▶ [Try it] Copy each record exactly as it reads, leaving out any pictures it holds.

▶ [Materials provided]
◆ ◆ ◆ ◆
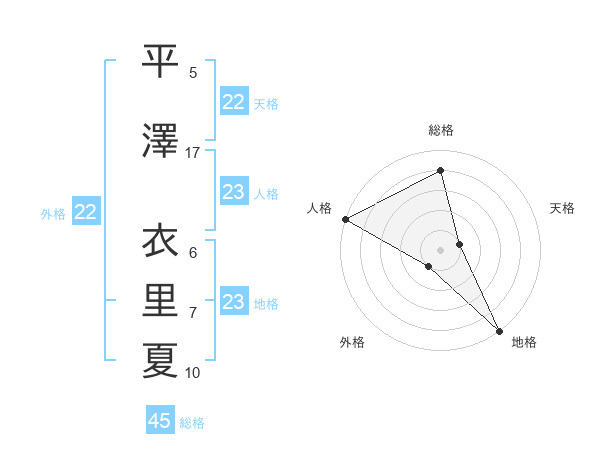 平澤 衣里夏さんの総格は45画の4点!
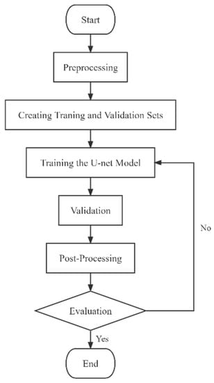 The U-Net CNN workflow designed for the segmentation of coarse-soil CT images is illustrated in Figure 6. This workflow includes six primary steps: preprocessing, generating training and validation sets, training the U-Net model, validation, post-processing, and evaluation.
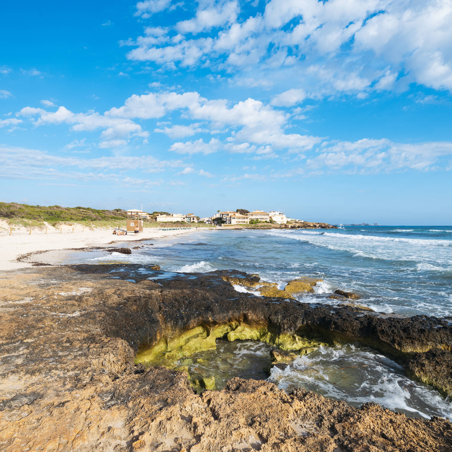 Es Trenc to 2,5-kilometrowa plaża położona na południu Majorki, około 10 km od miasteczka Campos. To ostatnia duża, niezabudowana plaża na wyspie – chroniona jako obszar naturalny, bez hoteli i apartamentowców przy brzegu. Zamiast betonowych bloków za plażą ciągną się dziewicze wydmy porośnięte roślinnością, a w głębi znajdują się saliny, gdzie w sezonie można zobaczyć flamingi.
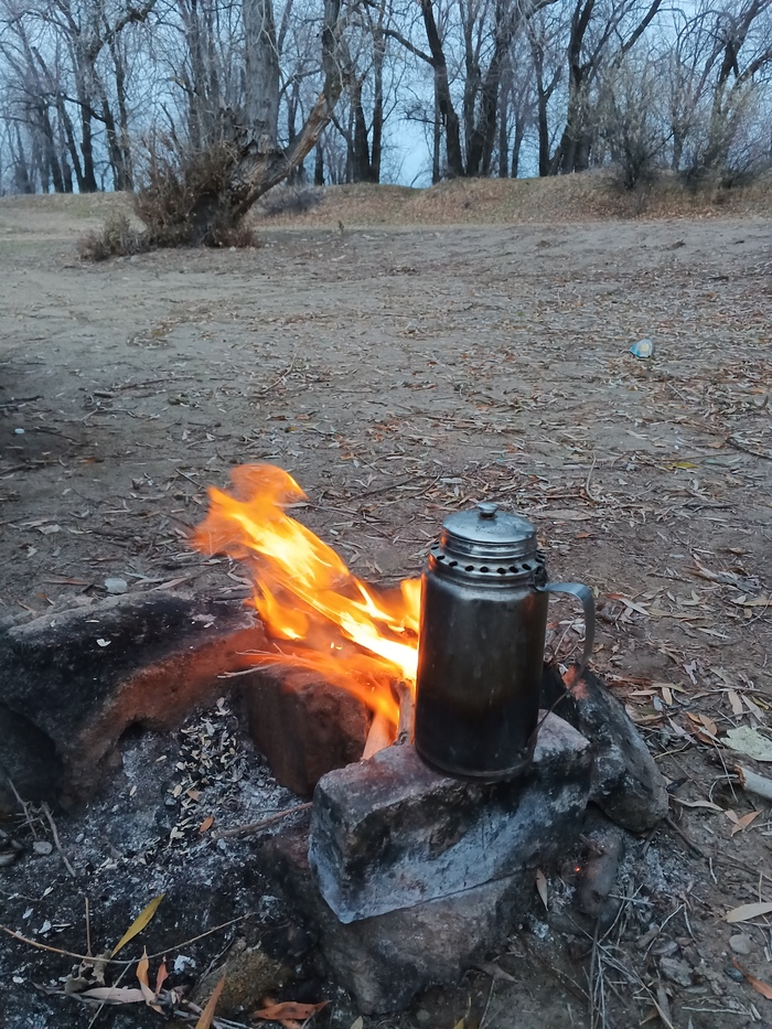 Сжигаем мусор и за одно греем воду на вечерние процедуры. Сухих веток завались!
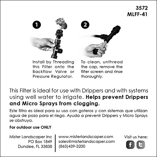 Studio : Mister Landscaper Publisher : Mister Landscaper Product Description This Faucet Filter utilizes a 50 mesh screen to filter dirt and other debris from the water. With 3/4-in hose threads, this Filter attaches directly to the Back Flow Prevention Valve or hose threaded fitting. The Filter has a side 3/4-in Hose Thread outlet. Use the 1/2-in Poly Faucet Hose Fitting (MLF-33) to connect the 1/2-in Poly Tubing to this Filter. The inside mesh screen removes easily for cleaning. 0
◆ ◆ ◆ ◆
▶ [Response for this exercise]
 平澤 衣里夏さんの総格は45画の4点!
 The U-Net CNN workflow designed for the segmentation of coarse-soil CT images is illustrated in Figure 6. This workflow includes six primary steps: preprocessing, generating training and validation sets, training the U-Net model, validation, post-processing, and evaluation.
 Es Trenc to 2,5-kilometrowa plaża położona na południu Majorki, około 10 km od miasteczka Campos. To ostatnia duża, niezabudowana plaża na wyspie – chroniona jako obszar naturalny, bez hoteli i apartamentowców przy brzegu. Zamiast betonowych bloków za plażą ciągną się dziewicze wydmy porośnięte roślinnością, a w głębi znajdują się saliny, gdzie w sezonie można zobaczyć flamingi.
 Сжигаем мусор и за одно греем воду на вечерние процедуры. Сухих веток завались!
 Studio : Mister Landscaper Publisher : Mister Landscaper Product Description This Faucet Filter utilizes a 50 mesh screen to filter dirt and other debris from the water. With 3/4-in hose threads, this Filter attaches directly to the Back Flow Prevention Valve or hose threaded fitting. The Filter has a side 3/4-in Hose Thread outlet. Use the 1/2-in Poly Faucet Hose Fitting (MLF-33) to connect the 1/2-in Poly Tubing to this Filter. The inside mesh screen removes easily for cleaning. 0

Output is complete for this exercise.